(Material for the task begins)
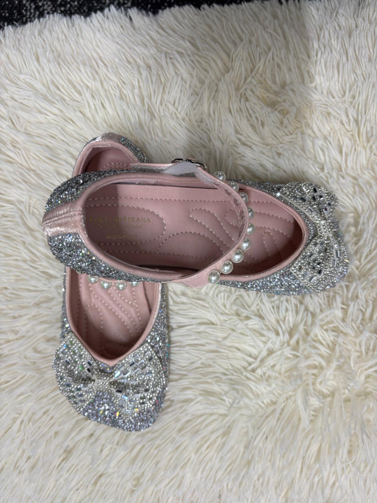 Crystal Bow Pearl Strap Girls’ Dress Shoes
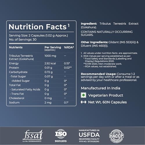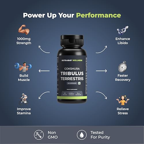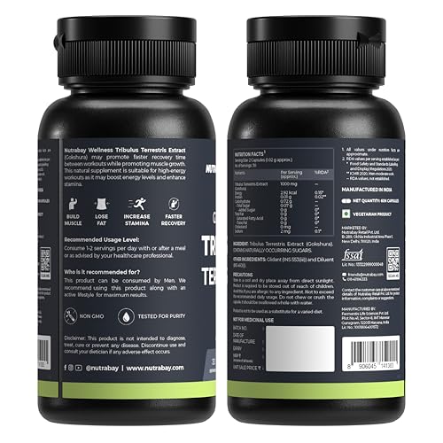 Nutrabay Wellness Tribulus Terrestries (Gokshura) curated for bodybuilders gym-goers and active people to help boost your athletic performance. Tribulus Gokshura 1000 mg is a potent ayurvedic supplement that offers 1000 mg of Tribulus Gokshura per serving standardized to 20% saponins. It may increase natural testosterone levels resulting in better muscle building and strength. This herbal supplement may be useful in improving Stamina and decreasing Fatigue. As a result you perform better at the gym. It boosts the nitric oxide levels to help enhance pump during workouts. It can be consumed by anyone daily for the best result. Non-GMO Gluten-Free Does NOT Contain Soy Dairy Yeast Eggs Corn Nuts Caffeine Additives Preservatives or Coloring. Consume 2 capsules daily with or after meal or as suggested by healthcare professionsal / dietician. This product can be consumed by Adults Elderly Men & Women.
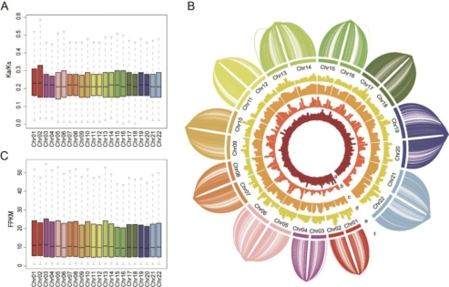 图2.生姜两套单倍型等位基因的比较。A.两个单倍型的单个染色体的Ka/Ks值;B.生姜单倍型1和单倍型0等位基因分布图(从内到外:a.杂合度比率;b.等位基因;c.杂合基因比率;d.DEL比率;e.染色体数目;f.等位基因链接);C.两个单倍型配对染色体中等位基因的FPKM值。
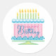 Redonda Pegatina De Pastel De Cumpleaños Rosa Y Azul
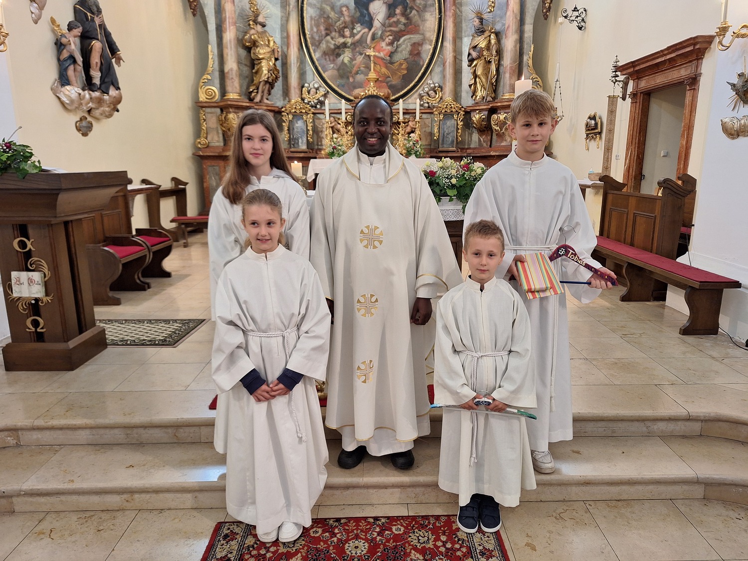Am Sonntag nahmen wir Abschied von unserem Ministranten Tobi, der nach vielen Jahren treuen Dienstes als Ministrant seinen Platz am Altar weitergibt. Gleichzeitig freuen wir uns sehr, Raphael heute offiziell in unsere Ministrantengemeinschaft aufzunehmen. Wir wünschen ihm viel Freude für deinen Dienst am Altar.
(Material for the task ends)
### What is expected:
Print the complete listing exactly, apart from any pictures.

### Written answer:
 Crystal Bow Pearl Strap Girls’ Dress Shoes
 Nutrabay Wellness Tribulus Terrestries (Gokshura) curated for bodybuilders gym-goers and active people to help boost your athletic performance. Tribulus Gokshura 1000 mg is a potent ayurvedic supplement that offers 1000 mg of Tribulus Gokshura per serving standardized to 20% saponins. It may increase natural testosterone levels resulting in better muscle building and strength. This herbal supplement may be useful in improving Stamina and decreasing Fatigue. As a result you perform better at the gym. It boosts the nitric oxide levels to help enhance pump during workouts. It can be consumed by anyone daily for the best result. Non-GMO Gluten-Free Does NOT Contain Soy Dairy Yeast Eggs Corn Nuts Caffeine Additives Preservatives or Coloring. Consume 2 capsules daily with or after meal or as suggested by healthcare professionsal / dietician. This product can be consumed by Adults Elderly Men & Women.
 图2.生姜两套单倍型等位基因的比较。A.两个单倍型的单个染色体的Ka/Ks值;B.生姜单倍型1和单倍型0等位基因分布图(从内到外:a.杂合度比率;b.等位基因;c.杂合基因比率;d.DEL比率;e.染色体数目;f.等位基因链接);C.两个单倍型配对染色体中等位基因的FPKM值。
 Redonda Pegatina De Pastel De Cumpleaños Rosa Y Azul
Am Sonntag nahmen wir Abschied von unserem Ministranten Tobi, der nach vielen Jahren treuen Dienstes als Ministrant seinen Platz am Altar weitergibt. Gleichzeitig freuen wir uns sehr, Raphael heute offiziell in unsere Ministrantengemeinschaft aufzunehmen. Wir wünschen ihm viel Freude für deinen Dienst am Altar.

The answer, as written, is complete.